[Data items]
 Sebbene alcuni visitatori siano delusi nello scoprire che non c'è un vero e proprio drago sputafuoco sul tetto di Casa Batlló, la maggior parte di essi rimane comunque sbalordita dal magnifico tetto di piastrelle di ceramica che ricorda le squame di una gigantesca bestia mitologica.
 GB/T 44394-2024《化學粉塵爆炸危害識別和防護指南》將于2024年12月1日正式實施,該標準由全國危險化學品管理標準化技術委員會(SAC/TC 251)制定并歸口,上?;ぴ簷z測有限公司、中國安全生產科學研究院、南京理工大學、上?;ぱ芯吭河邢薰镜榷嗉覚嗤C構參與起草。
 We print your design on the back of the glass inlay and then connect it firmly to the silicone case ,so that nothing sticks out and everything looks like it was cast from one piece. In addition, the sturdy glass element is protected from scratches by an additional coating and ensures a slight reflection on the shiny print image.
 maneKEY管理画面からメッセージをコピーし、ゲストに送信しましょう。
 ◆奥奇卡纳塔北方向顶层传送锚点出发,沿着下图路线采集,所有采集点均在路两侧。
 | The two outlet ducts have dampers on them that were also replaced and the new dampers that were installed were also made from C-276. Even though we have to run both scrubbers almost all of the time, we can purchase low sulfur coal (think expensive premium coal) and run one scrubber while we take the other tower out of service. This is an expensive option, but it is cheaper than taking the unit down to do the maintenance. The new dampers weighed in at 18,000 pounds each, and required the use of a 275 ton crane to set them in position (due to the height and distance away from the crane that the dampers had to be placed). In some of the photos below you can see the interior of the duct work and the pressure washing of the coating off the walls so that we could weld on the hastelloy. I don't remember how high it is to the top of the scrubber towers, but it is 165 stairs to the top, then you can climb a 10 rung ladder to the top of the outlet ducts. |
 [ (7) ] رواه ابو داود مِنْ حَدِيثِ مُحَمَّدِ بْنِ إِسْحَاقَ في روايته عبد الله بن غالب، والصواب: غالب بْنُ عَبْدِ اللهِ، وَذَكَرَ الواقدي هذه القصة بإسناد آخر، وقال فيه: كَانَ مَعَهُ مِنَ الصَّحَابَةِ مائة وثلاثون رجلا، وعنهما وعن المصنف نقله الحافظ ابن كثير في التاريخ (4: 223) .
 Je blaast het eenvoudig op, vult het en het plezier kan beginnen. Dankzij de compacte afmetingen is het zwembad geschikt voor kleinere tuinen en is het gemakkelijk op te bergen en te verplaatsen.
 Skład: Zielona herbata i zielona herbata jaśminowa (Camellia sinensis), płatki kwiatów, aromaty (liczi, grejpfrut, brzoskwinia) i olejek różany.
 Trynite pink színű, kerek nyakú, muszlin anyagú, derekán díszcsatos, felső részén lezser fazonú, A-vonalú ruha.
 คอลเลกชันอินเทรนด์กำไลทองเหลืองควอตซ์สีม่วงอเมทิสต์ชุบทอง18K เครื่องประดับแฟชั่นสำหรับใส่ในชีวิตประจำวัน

### [TASK]
Copy all the entries exactly.

### [SOLUTION FOR THIS TASK]
 Sebbene alcuni visitatori siano delusi nello scoprire che non c'è un vero e proprio drago sputafuoco sul tetto di Casa Batlló, la maggior parte di essi rimane comunque sbalordita dal magnifico tetto di piastrelle di ceramica che ricorda le squame di una gigantesca bestia mitologica.
 GB/T 44394-2024《化學粉塵爆炸危害識別和防護指南》將于2024年12月1日正式實施,該標準由全國危險化學品管理標準化技術委員會(SAC/TC 251)制定并歸口,上?;ぴ簷z測有限公司、中國安全生產科學研究院、南京理工大學、上?;ぱ芯吭河邢薰镜榷嗉覚嗤C構參與起草。
 We print your design on the back of the glass inlay and then connect it firmly to the silicone case ,so that nothing sticks out and everything looks like it was cast from one piece. In addition, the sturdy glass element is protected from scratches by an additional coating and ensures a slight reflection on the shiny print image.
 maneKEY管理画面からメッセージをコピーし、ゲストに送信しましょう。
 ◆奥奇卡纳塔北方向顶层传送锚点出发,沿着下图路线采集,所有采集点均在路两侧。
 | The two outlet ducts have dampers on them that were also replaced and the new dampers that were installed were also made from C-276. Even though we have to run both scrubbers almost all of the time, we can purchase low sulfur coal (think expensive premium coal) and run one scrubber while we take the other tower out of service. This is an expensive option, but it is cheaper than taking the unit down to do the maintenance. The new dampers weighed in at 18,000 pounds each, and required the use of a 275 ton crane to set them in position (due to the height and distance away from the crane that the dampers had to be placed). In some of the photos below you can see the interior of the duct work and the pressure washing of the coating off the walls so that we could weld on the hastelloy. I don't remember how high it is to the top of the scrubber towers, but it is 165 stairs to the top, then you can climb a 10 rung ladder to the top of the outlet ducts. |
 [ (7) ] رواه ابو داود مِنْ حَدِيثِ مُحَمَّدِ بْنِ إِسْحَاقَ في روايته عبد الله بن غالب، والصواب: غالب بْنُ عَبْدِ اللهِ، وَذَكَرَ الواقدي هذه القصة بإسناد آخر، وقال فيه: كَانَ مَعَهُ مِنَ الصَّحَابَةِ مائة وثلاثون رجلا، وعنهما وعن المصنف نقله الحافظ ابن كثير في التاريخ (4: 223) .
 Je blaast het eenvoudig op, vult het en het plezier kan beginnen. Dankzij de compacte afmetingen is het zwembad geschikt voor kleinere tuinen en is het gemakkelijk op te bergen en te verplaatsen.
 Skład: Zielona herbata i zielona herbata jaśminowa (Camellia sinensis), płatki kwiatów, aromaty (liczi, grejpfrut, brzoskwinia) i olejek różany.
 Trynite pink színű, kerek nyakú, muszlin anyagú, derekán díszcsatos, felső részén lezser fazonú, A-vonalú ruha.
 คอลเลกชันอินเทรนด์กำไลทองเหลืองควอตซ์สีม่วงอเมทิสต์ชุบทอง18K เครื่องประดับแฟชั่นสำหรับใส่ในชีวิตประจำวัน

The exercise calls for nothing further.